Ocean Waves

by Windian



Category: Tales of Graces
Genre: Alternate Universe - Modern Setting, M/M
Language: English
Status: Completed
Published: 2018-01-12
Updated: 2018-01-12
Packaged: 2019-03-03 22:45:30
Rating: Teen And Up Audiences
Warnings: No Archive Warnings Apply
Chapters: 1
Words: 2,739
Publisher: archiveofourown.org
Story URL: https://archiveofourown.org/works/13351077
Author URL: https://archiveofourown.org/users/Windian/pseuds/Windian
Summary: An aspiring barrister, Hubert has little time for frivolity, let alone /dating./ He only agreed to come out to introduce Asbel to his friend Richard. He definitely didn't intend to drink as much as he did, nor to catch the eye of a certain lifeguard-slash-barman.





	Ocean Waves

**Author's Note:**

  * For [DivineShark](https://archiveofourown.org/users/DivineShark/gifts).

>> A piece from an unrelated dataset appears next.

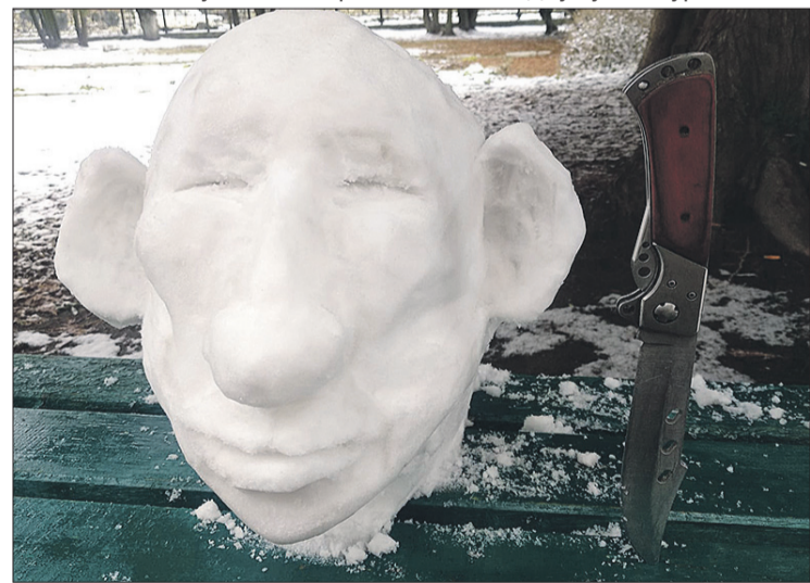
Прямо як справжня: і зовні схожа, і всередині без сірої речовини.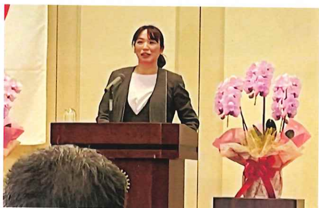
講演の前に謎解き アフリカでは干ばつになった時に雨乞いをしますが、 100%の確率で雨が降ります。それは、なぜでしょうか？

> dedicating this one to Lila, for talking to me about malihu modern AU a few months back and inspiring this fic. thank you Lila for always talking to me about Graces stuff and being a cool friend, I wouldn't have written this without you! <3

This wasn't exactly new ordinary behaviour for Hubert Oswell.

After all, you'd managed nearly two years of your degree without getting sucked into 'university life' – which mostly seemed to consist of getting drunk and losing complete control of your mental faculties, and then ordering pizza.

In your first year in halls, your room-mate drank an entire bottle of disaronno in a night and was brought home in a shopping trolley. Meanwhile, you'd studied for exams. Your brother had spent the Freshers Ball outside the post office heaving up a noxious concoction of yeager bomb and Dirty Dennis's chicken vindaloo. That night, you'd colour coded your lesson timetable. You'd turned down house parties, bar crawls, defecting from an evening at Oktoberfest in favour of sneakily catching up on _Sunscreen Rangers Go!_ on Netflix (even if it wasn't nearly as good as its predecessor, _Sunscreen Rangers: Sunscreen War_!)

And you _still_ don't know where that traffic cone in your shared flat came from.

You came to university to study, not faff around. And, frankly, the idea of getting _completely wankered_ was absolutely and utterly unappealing.

This resolve held out fast till the final term of your second year, as you were preparing your dissertation proposal. Offhand, you'd mentioned to Asbel that Richard-- who you knew from Games Club-- had invited you out for a drink with his friends.

“Wait. Hold up. _Which_ Richard?” Asbel had said.

“That third year, studies politics? I don't know if you guys have met before. He's friends with Pascal.”

Asbel had, quite quickly, sucked in his breath. “Long blond hair? A kind of, uh... regal demeanour?”

“That's him. He asked if I wanted to to to the student union for a spell. But I probably ought to finish outlining my proposal.”

Your brother, who was in all accounts incredibly mild mannered and laid back-- and still hadn't, at 2pm, changed out of his dressing gown-- _sprang_ from his seat. He gripped you by both of your shoulders.

“Hubert, you have to go. We have to go. You have to introduce me.”

Asbel's eyes were fevered; his face flushed. It all clicked into place.

“Wait. Are you telling me Richard is the guy you've been mooning over? The one from the beach party you've been going on about?”

Asbel's face coloured further, but he didn't back down. “Maybe. Sort of. Alright! Yes. You've got to introduce us. He's your mate, right? Just come out for one drink and tell him you brought your brother. Please, Hubert!”

Asbel had been pining over his _mystery man f_ or weeks. It was unlike him to get so swept up in a crush-- in all honestly, it was unlike him to get swept up in _anything_. He'd changed his bachelor degree three times. He turned in assignments hastily stapled together, moments before they were due. You once found him marathoning all eight _Harry Potter_ movies-- a feat that left an impressive indent on the sofa from where his butt had been. Naturally, he'd left looking for a house to the nth moment, whereupon you'd taken pity on your poor addled older brother, and agreed to houseshare.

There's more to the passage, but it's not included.